An example of an erasing sequence of a known procedure is described next. In this example, a storage element on which erasing is performed by application of a voltage (erasing voltage) of about 0.5 V across ends of the storage element and a circuit element (access transistor) is described.
In the erasing sequence of the known procedure, first, an address to be erased is set, and a bit line provided in the column direction and a word line provided in the row direction are determined. Then, a potential difference of 0.5 V or more is generated across a selected memory cell. Then, as a gate voltage of an access transistor of the selected memory cell, a voltage of Vth or more (Vth is the minimum voltage at which an inversion layer starts to be formed on a channel region surface by application of the gate voltage) is applied, and an erasing voltage necessary for erasing is generated across the memory cell. After erasing is performed on the memory cell by application of the erasing voltage to the memory cell, the gate voltage of the access transistor of the memory cell is reduced to less than Vth. Accordingly, erasing is completed. Then, in order to perform erasing on another memory cell, another memory address is set, and erasing on the memory cell is performed, as in the sequence described above.
More specifically, referring to FIG. 8, an example in which erasing is performed on a memory cell a, a memory cell b, a memory cell c, and so on in that order will be described. FIG. 9 is a schematic diagram for explaining the potential of each word line. In the initial state, the potential of all the word lines is 0 V.
Referring to FIG. 8, in order to perform erasing on the memory cell a, a potential of 0 V is applied to a bit line B0, a potential of 1 V is applied to the other bit lines (B1, B2, . . . , and Bn), and a potential of 1 V is applied to a source line S. In such a state, at time t1, a potential of Vth or more is applied to a word line W0, and a potential difference of 1.0 V is generated across the memory cell a. Accordingly, erasing on the memory cell a starts. At time t2, which is after the lapse of about 20 nanoseconds from time t1 (erasing ends by time t2), the potential of the word line W0 is returned to 0 V, and erasing on the memory cell a is completed.

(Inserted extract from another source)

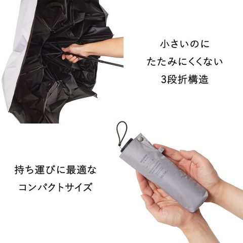 持ち運びに最適なコンパクトサイズで、強い風でも壊れにくい耐風構造。小さいのにたたみにくくない3段折構造で、性別問わず選びやすいユニセックスデザイン。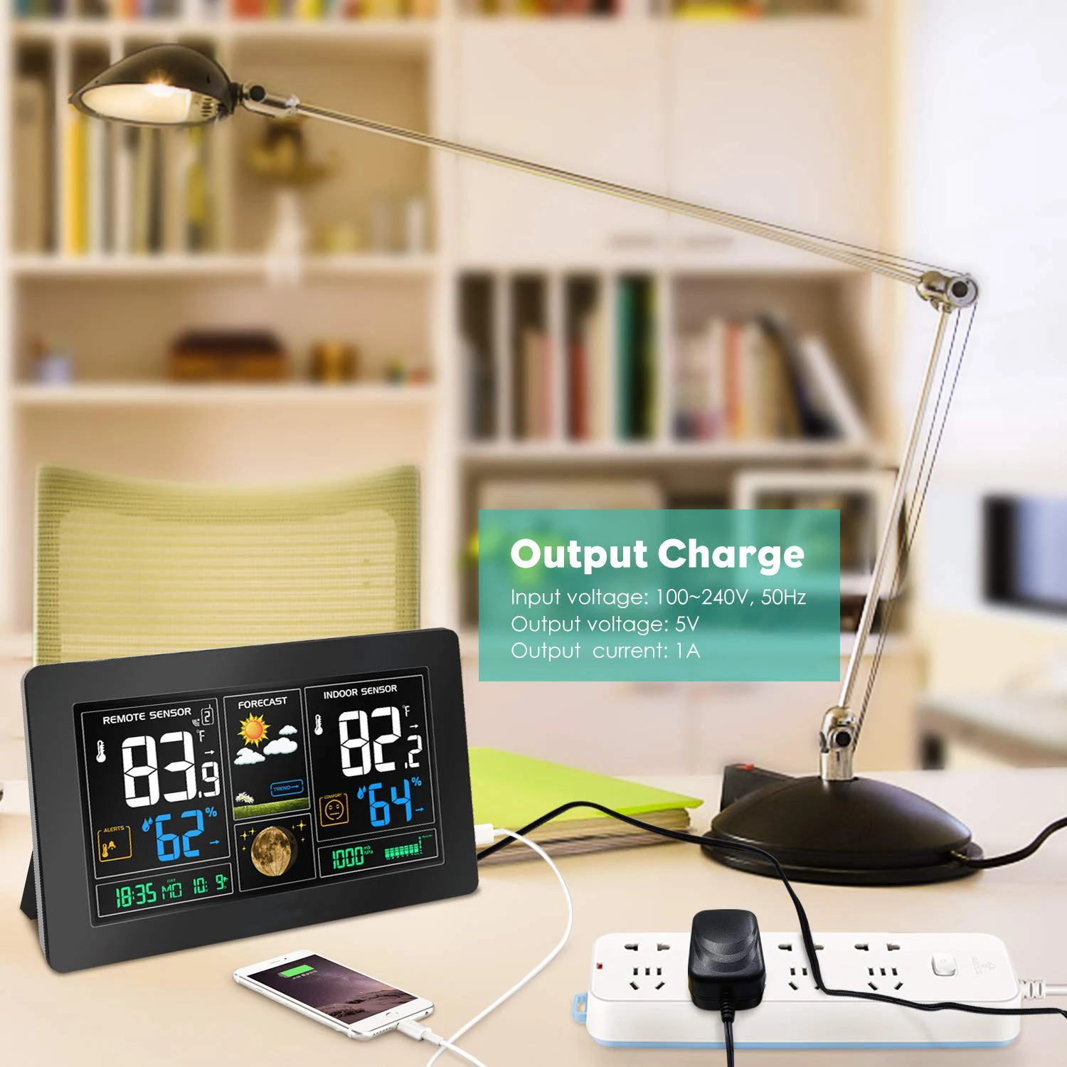 Погодная станция поставляется со встроенным usb-портом для зарядки. Его можно использовать в качестве внешнего аккумулятора для зарядки мобильных телефонов или других устройств при включении настенного адаптера. 2 способа расширения возможностей: адаптер питания переменного тока (входит в комплект) играет главную роль. 2 батарейки LR6 AA (не входят в комплект), чтобы убедиться, что они выдерживают отключение питания.

Then, in order to perform erasing on the memory cell b, at time t3, a potential of Vth or more is applied to a word line W1, and a potential difference of 1.0 V is generated across the memory cell b. Accordingly, erasing on the memory cell b starts. Then, at time t4, which is after the lapse of about 20 nanoseconds from time t3 (erasing ends by time t4), the potential of the word line W1 is returned to 0 V, and erasing on the memory cell b is completed.
Then, in order to perform erasing on the memory cell c, at time t5, a potential of Vth or more is applied to a word line W2, and a potential difference of 1.0 V is generated across the memory cell c. Accordingly, erasing on the memory cell c starts. Then, at time t6, which is after the lapse of about 20 nanoseconds from time t5 (erasing ends by time t6), the potential of the word line W2 is returned to 0 V, and erasing on the memory cell c is completed.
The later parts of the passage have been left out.